For all its novelty, Together Mode worked best in larger meetings and brainstorming sessions, where the visual chaos of a standard grid call made it hard to feel like a cohesive group. In one-on-ones or small team standups, most people quietly stuck with the default layout.

Why Microsoft Is Moving On

The short answer: the pandemic is over, and the way people use video conferencing has shifted considerably. Hybrid work has normalized, and many of the anxieties that drove Together Mode's creation — isolation, screen fatigue, the disorienting blur of remote collaboration — have been replaced by new priorities around simplicity, speed, and AI-assisted productivity.

Microsoft hasn't spelled out exactly what's replacing Together Mode, but the direction is clear: a leaner, less gimmicky Teams experience focused on core communication and the company's Copilot AI tools. The rollout is gradual, meaning some users will lose access to the feature before others.

The Broader Lesson in Pandemic Tech

Together Mode is far from the only pandemic-born feature to quietly fade away. Virtual backgrounds became ubiquitous and then exhausting. Zoom fatigue entered the lexicon. The novelty of digital happy hours wore off fast.

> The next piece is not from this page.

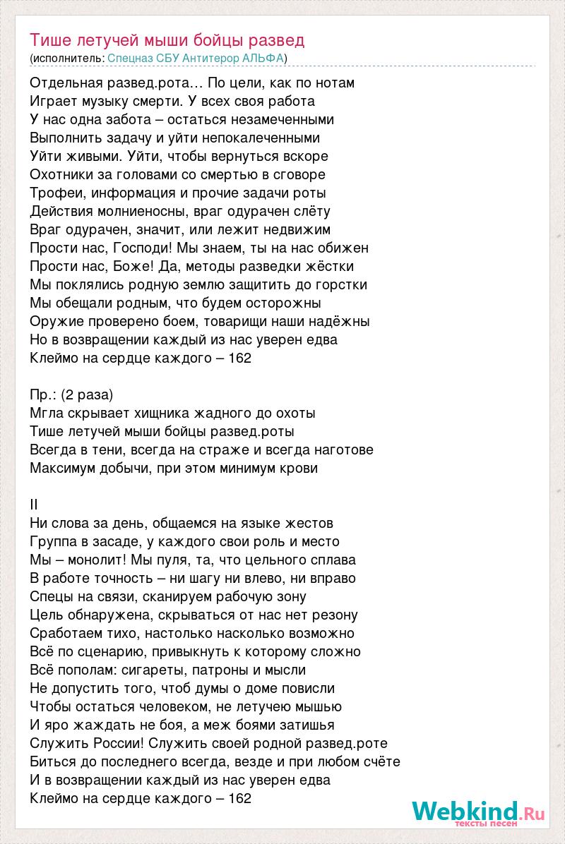 Отдельная развед.рота… По цели, как по нотам Играет музыку смерти. У всех своя работа У нас одна забота – остаться незамеченными Выполнить задачу и уйти непокалеченными Уйти живыми. Уйти, чтобы вернуться вскоре Охотники за головами со смертью в сговоре Трофеи, информация и прочие задачи роты Действия молниеносны, враг одурачен слёту Враг одурачен, значит, или лежит недвижим Прости нас, Господи! Мы знаем, ты на нас обижен Прости нас, Боже! Да, методы разведки жёстки Мы поклялись родную землю защитить до горстки Мы обещали родным, что будем осторожны Оружие проверено боем, товарищи наши надёжны Но в возвращении каждый из нас уверен едва Клеймо на сердце каждого – 162 Пр.: (2 раза) Мгла скрывает хищника жадного до охоты Тише летучей мыши бойцы развед.роты Всегда в тени, всегда на страже и всегда наготове Максимум добычи, при этом минимум крови II Ни слова за день, общаемся на языке жестов Группа в засаде, у каждого свои роль и место Мы – монолит! Мы пуля, та, что цельного сплава В работе точность – ни шагу ни влево, ни вправо Спецы на связи, сканируем рабочую зону Цель обнаружена, скрываться от нас нет резону Сработаем тихо, настолько насколько возможно Всё по сценарию, привыкнуть к которому сложно Всё пополам: сигареты, патроны и мысли Не допустить того, чтоб думы о доме повисли Чтобы остаться человеком, не летучею мышью И яро жаждать не боя, а меж боями затишья Служить России! Служить своей родной развед.роте Биться до последнего всегда, везде и при любом счёте И в возвращении каждый из нас уверен едва Клеймо на сердце каждого – 162

What's interesting about Together Mode's retirement is what it says about where enterprise software is heading. The future Microsoft is betting on isn't a warmer, more human-feeling video call — it's AI that summarizes your meetings, drafts your follow-up emails, and helps you avoid attending certain calls altogether.

For those who genuinely loved the sense of camaraderie Together Mode provided, the loss is real. For everyone who found it a little too try-hard, it's a quiet goodbye to one of the stranger chapters in the history of how we work.